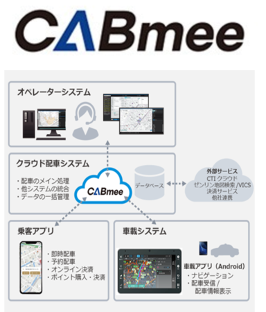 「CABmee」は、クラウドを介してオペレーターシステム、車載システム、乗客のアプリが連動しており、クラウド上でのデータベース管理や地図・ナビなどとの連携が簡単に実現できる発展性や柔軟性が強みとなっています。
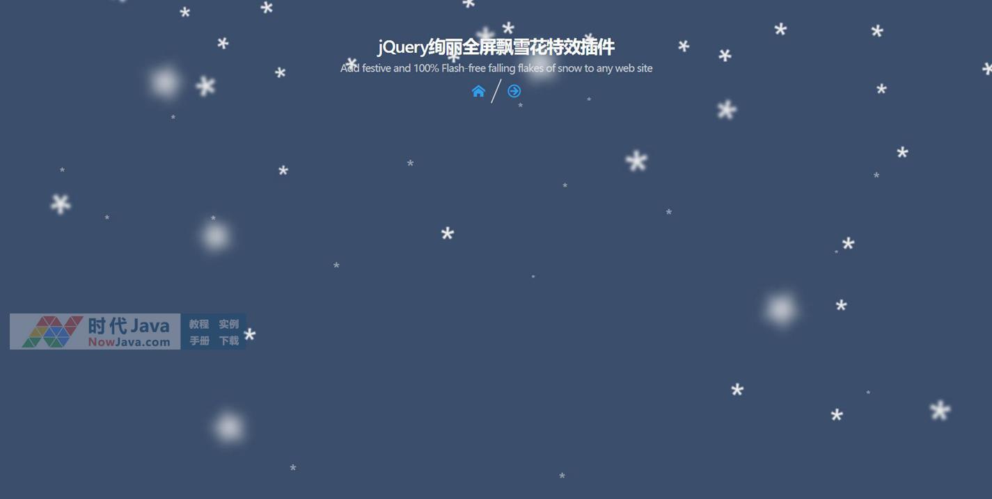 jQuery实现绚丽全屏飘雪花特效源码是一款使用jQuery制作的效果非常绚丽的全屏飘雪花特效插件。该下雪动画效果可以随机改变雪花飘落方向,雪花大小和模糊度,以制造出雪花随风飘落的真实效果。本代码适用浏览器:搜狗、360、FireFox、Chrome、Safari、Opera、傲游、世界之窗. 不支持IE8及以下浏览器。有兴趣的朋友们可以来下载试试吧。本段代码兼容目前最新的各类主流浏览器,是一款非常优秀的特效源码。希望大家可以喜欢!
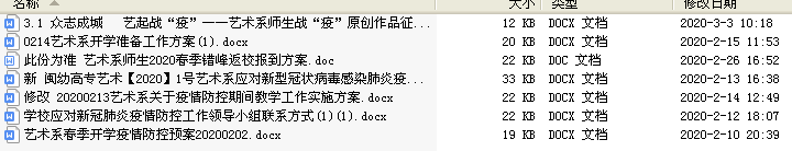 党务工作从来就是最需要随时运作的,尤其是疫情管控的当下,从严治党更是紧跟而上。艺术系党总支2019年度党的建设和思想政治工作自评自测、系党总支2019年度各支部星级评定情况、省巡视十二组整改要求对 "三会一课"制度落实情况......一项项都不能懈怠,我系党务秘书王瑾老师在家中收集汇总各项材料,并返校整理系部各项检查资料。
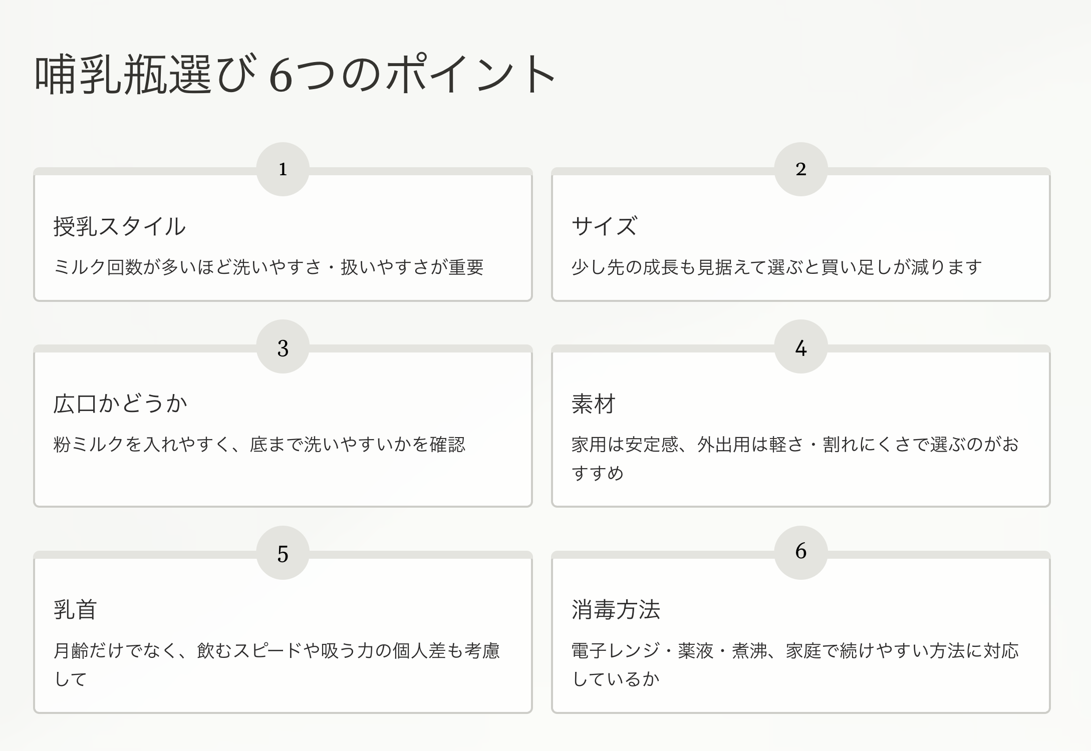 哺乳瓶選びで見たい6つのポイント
======
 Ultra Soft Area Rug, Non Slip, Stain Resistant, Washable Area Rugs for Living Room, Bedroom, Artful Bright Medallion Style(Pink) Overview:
======
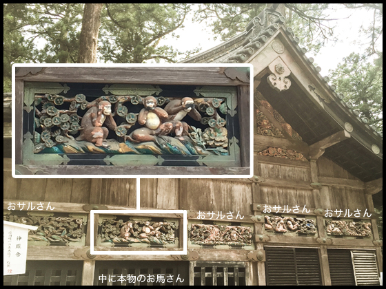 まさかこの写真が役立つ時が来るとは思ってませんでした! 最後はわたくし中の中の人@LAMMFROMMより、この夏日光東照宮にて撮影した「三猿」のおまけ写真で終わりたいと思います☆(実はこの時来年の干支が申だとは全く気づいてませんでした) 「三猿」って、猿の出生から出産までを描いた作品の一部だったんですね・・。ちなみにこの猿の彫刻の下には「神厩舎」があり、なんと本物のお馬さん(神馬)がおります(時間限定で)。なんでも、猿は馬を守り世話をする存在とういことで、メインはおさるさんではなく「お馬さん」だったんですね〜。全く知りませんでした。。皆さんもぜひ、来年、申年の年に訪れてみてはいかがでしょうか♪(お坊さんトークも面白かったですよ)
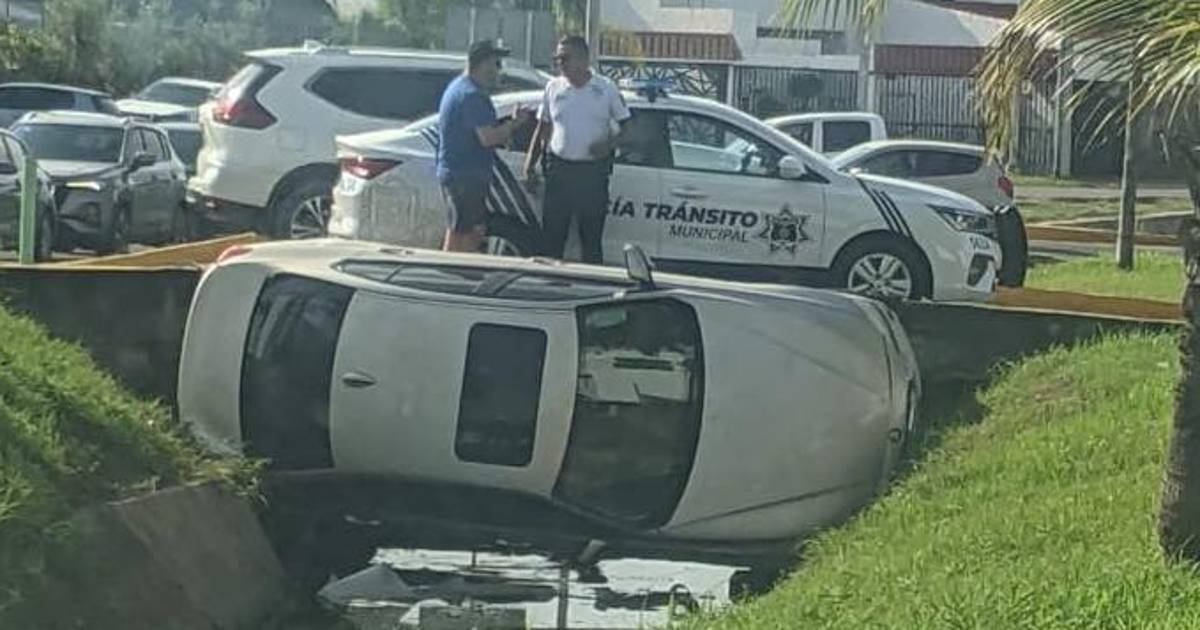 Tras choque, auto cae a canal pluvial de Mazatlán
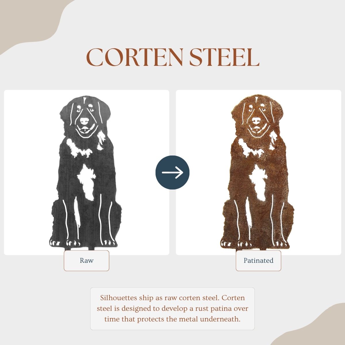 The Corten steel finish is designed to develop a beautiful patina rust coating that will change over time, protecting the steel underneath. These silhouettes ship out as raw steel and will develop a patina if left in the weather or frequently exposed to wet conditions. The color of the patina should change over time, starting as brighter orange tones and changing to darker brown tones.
======
Since the pictures are not part of the copy, please transcribe only the lines above from the one with "Tras choque, auto" through the one with "The Corten steel", exactly and with both ends.

 Tras choque, auto cae a canal pluvial de Mazatlán
 The Corten steel finish is designed to develop a beautiful patina rust coating that will change over time, protecting the steel underneath. These silhouettes ship out as raw steel and will develop a patina if left in the weather or frequently exposed to wet conditions. The color of the patina should change over time, starting as brighter orange tones and changing to darker brown tones.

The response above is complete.